But in any house, especially a drafty one, the heat soon dissipates. The cold slowly creeps back in. A whirr of motor and a fluff or breeze soon delivers more heat. The body constantly readjusts.

All that movement of air also stirs up and redistributes the dust we wish was not actually there. This could certainly be a problem for allergy sufferers, but additional filters installed within the system provide a strong argument that this system actually cleans the house while heating. As long as they are maintained regularly, a series of filters in the ductwork may actually catch and control a healthy portion of the dust naturally floating around.

Air movement also accentuates the amount of moisture drawn out naturally in the process of heating air.
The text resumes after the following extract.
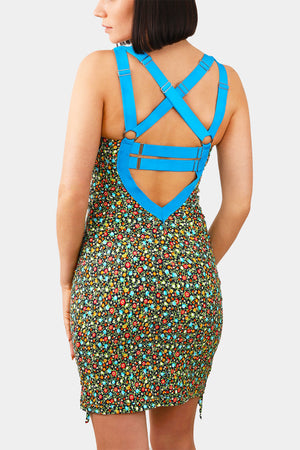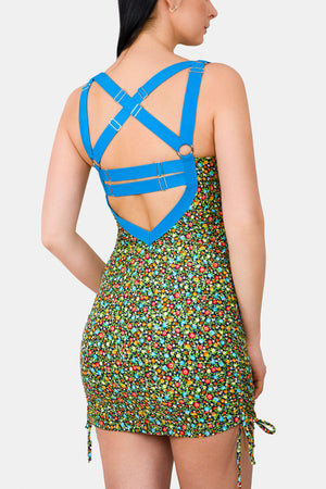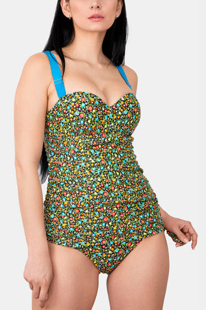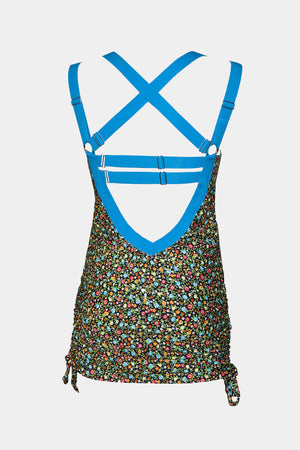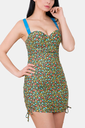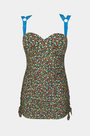 Balconette peldkleita ar ziedu apdruku un maigām platām gumijām. Visas siksnas ir regulējamas. Sānos ir saites, kas regulē kleitas garumu. Pielāgojiet garumu savam noskaņojumam — no stilīga T-krekla līdz iespaidīgai mini kleitai!

Felt mostly in our dried out nostrils, this is often experienced by an increase of bloody noses. Here too, a humidifier can be added to the system to replace moisture lost in the changes of temperature blown through the house. Humidifiers in various strengths being necessary to balance any form of winter heat, this system may actually hold the advantage, being directly applied internally and requiring no oversight.

While these drawbacks make people avoid furnaces, each problem has a solution that actually improves it overall. Forced air is less expensive to install (about $6,000) and costs about the same to run relative to natural gas, LP, or oil. No system satisfies our need for heat more quickly and the fluctuations may be controlled by well-placed thermostats. The vicious claws of winter are well-tamed with a forced-air system.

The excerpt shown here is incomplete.